Now you can start the LLM model you want and be able to send and receive messages from it. Here is an example using the LangChain Python package:

from langchain_ollama import ChatOllama

ollama = ChatOllama(
    model="gpt-oss:20b",
    model_provider="ollama",
    base_url="http://10.0.7.40:11434/",
    temperature=0.1,
)

Note: you need to pull the LLM model you want from the Ollama repository before running it, for example:

ollama pull gpt-oss:20b

See Ollama documentation for more information.

Troubleshooting¶

To check if Ollama is finding the GPUs, look in ollama.log for something like the following:

name=CUDA0 description="NVIDIA RTX 6000 Ada Generation" libdirs=ollama,cuda_v12
driver=12.8 pci_id=01:00.0 type=discrete total="48.0 GiB" available="47.4 GiB"

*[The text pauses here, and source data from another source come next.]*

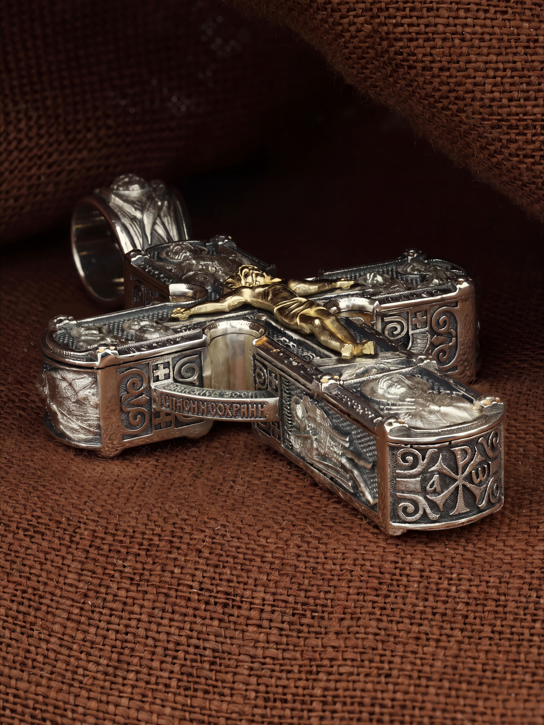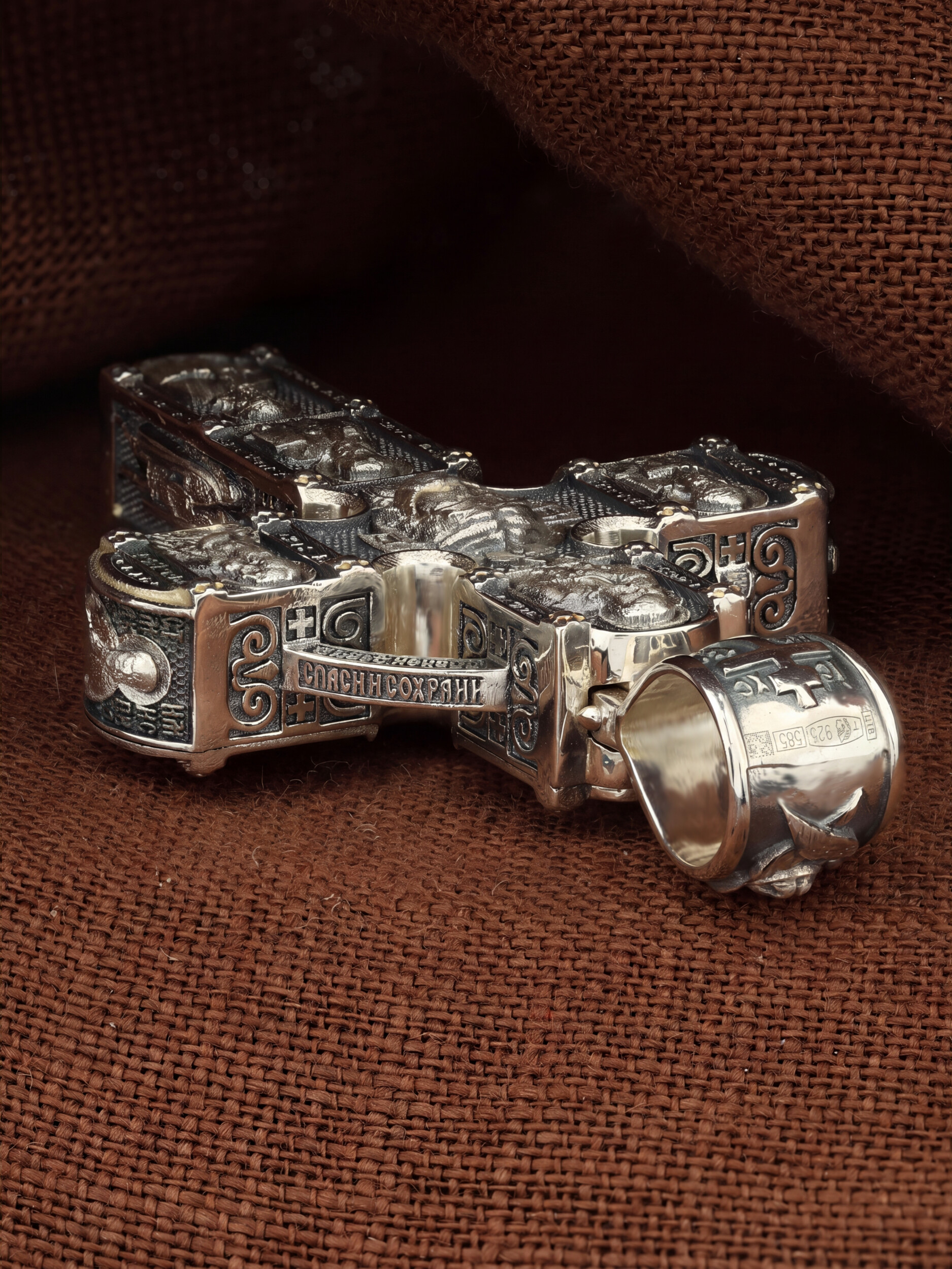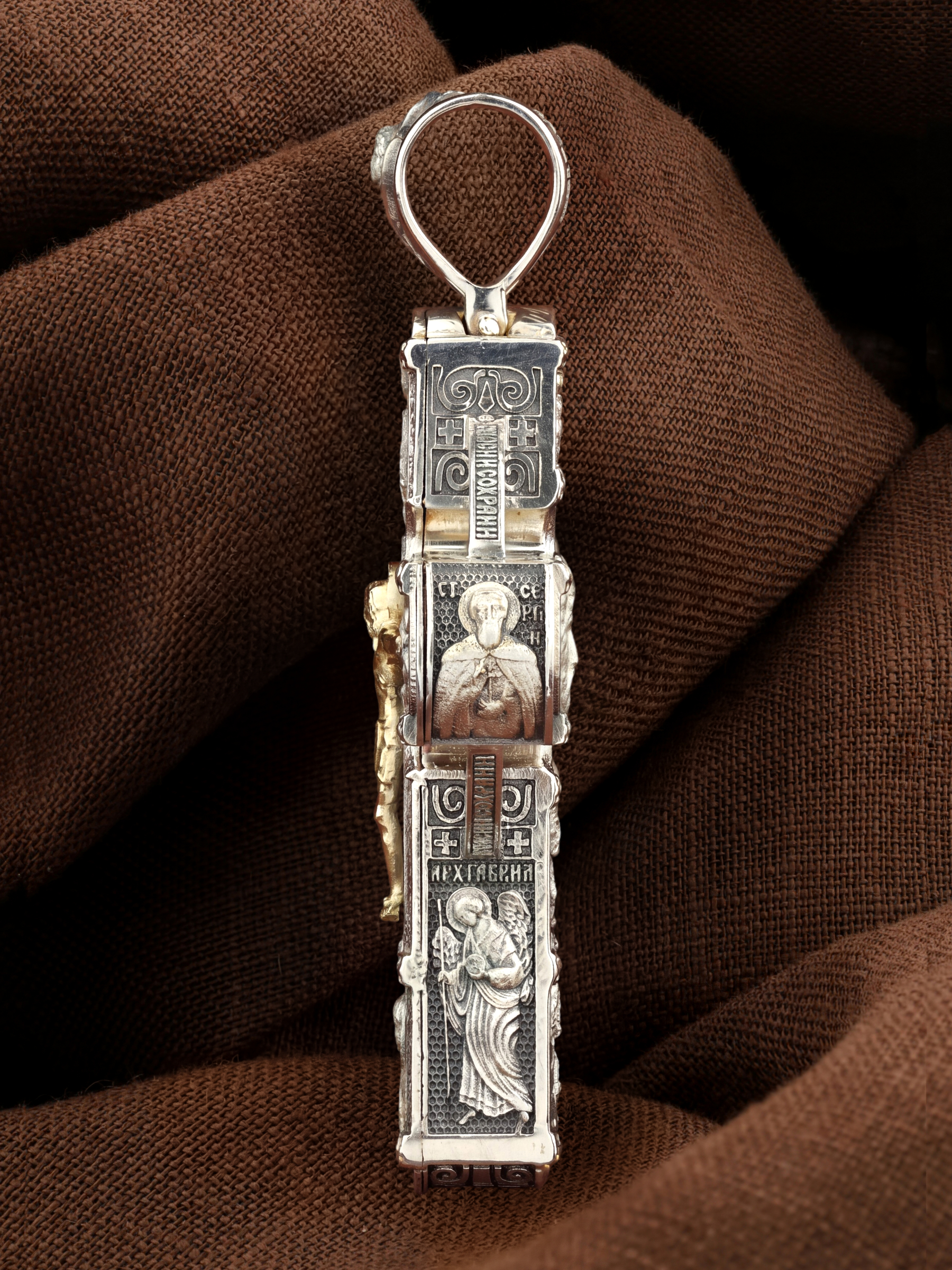 Крест объединяет в одной фигуре два христианских символа — круг-нимб и крест. На лицевой стороне креста изображено Распятие Господа и Спасителя нашего Иисуса Христа. Крест — символ спасения и искупления рода человеческого, знамение победы над смертью и адом. Распятие сопровождается каноническими надписями. На верхней табличке, выше головы Иисуса, расположена надпись, составленная Понтием Пилатом — «IНЦI». Она означает «Иисус Назорей, Царь Иудейский». Надписи «IC» «ХC», что означает Иисус Христос и «Сын Божий» размещается на разных сторонах поперечной перекладины креста. Вдоль Распятия размещены надписи «Царь Славы», «НИКА» (греч. — Победитель) и «МЛРБ» — «место лобное рай бысть» означает место лобное стало раем». Крест стоит на горе камней, символизирующих Голгофу. В ее основании различается череп — это голова Адама. Вдоль креста изображены орудия Страстей Христовых: копие сотника Лонгина, которым пронзили подреберье мёртвого Иисуса, чтобы убедиться в Его смерти, и трость с губкой, с которой Иисуса напоили уксусом. Они обозначены буквами «К» и «Т». Слева от Распятия помещены лики Пречистой Богородицы и Апостола Петра, справа изображены Апостол и евангелист Иоанн Богослов и Апостол Павел. Над Распятием изображен Святой Ангел-Хранитель, ниже — икона Божией Матери «Семистрельная». По кругу размещена молитва: «Кресту Твоему поклоняемся, Владыко, и Святое Воскресение Твое славим». На кулонном кольце помещено изображение Креста «Голгофа», на котором был распят Господь и Спаситель наш Иисус Христос.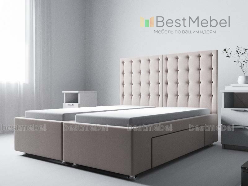 Кровать Адрия BMS – современная кровать-подиум, объединившая два односпальных модуля. Элементы выполнены в мягкой обивке из ткани светлого цвета и гармонично впишутся в актуальные спальные интерьеры. Кровать располагается на устойчивых хромированных опорах, оборудована комфортными спальными местами и высокой спинкой изголовья с декоративной прострочкой. В основании находятся выкатные ящики для постельных принадлежностей. Купить кровать Адрия BMS приглашаем в наш интернет-магазин, подобрав оптимальные параметры.
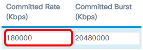 Step 6. Enter the committed rate in the Committed Rate field. This is the rate in Kbps to which traffic must conform to. It is the data rate that is guaranteed all the time for the user, regardless of the number of users present in the network. The range is from 1 to 1000000 Kbps.
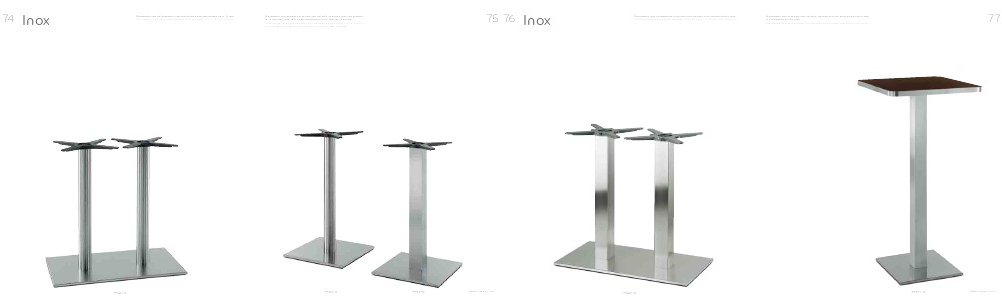 Rectangular Inox table base, brushed stainless steel with Ø 76 mm columns.

Be sure your job is running on the cluster:

squeue --me

Security¶

Warning

This offers no protection; anybody who knows which port is used can connect to the running instance of Ollama. Ollama developers are working towards adding support for UNIX sockets which would allow better control but at the time of writing this document, it is not finalized yet. In the meantime, you can set #SBATCH --exclusive and define export OLLAMA_HOST="localhost:$PORT" but then you need to setup an SSH tunnel directly to the compute node, using sshuttle will not be sufficient.